◆ TASK ITEM ◆
Below this line is a set of entries; quote exactly the lines from the line that contains "TOKAIZ 防犯アラーム 窓" to the line that contains "The kids still", both lines included.

◆ TASK INPUT ◆
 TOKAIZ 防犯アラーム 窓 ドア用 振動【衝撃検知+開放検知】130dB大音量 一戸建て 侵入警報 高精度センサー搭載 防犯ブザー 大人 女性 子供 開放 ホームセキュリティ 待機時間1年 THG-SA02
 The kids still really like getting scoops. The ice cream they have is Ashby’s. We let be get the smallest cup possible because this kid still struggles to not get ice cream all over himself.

...

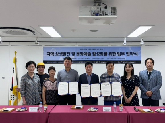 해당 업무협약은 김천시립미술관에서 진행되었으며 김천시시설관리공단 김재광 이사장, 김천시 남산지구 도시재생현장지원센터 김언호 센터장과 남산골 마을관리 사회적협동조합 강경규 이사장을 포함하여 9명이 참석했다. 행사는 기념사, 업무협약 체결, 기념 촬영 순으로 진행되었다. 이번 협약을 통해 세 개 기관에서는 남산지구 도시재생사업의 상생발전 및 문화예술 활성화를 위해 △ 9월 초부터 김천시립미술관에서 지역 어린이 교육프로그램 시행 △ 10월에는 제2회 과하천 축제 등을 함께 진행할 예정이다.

◆ RESPONSE FOR THIS EXERCISE ◆
 TOKAIZ 防犯アラーム 窓 ドア用 振動【衝撃検知+開放検知】130dB大音量 一戸建て 侵入警報 高精度センサー搭載 防犯ブザー 大人 女性 子供 開放 ホームセキュリティ 待機時間1年 THG-SA02
 The kids still really like getting scoops. The ice cream they have is Ashby’s. We let be get the smallest cup possible because this kid still struggles to not get ice cream all over himself.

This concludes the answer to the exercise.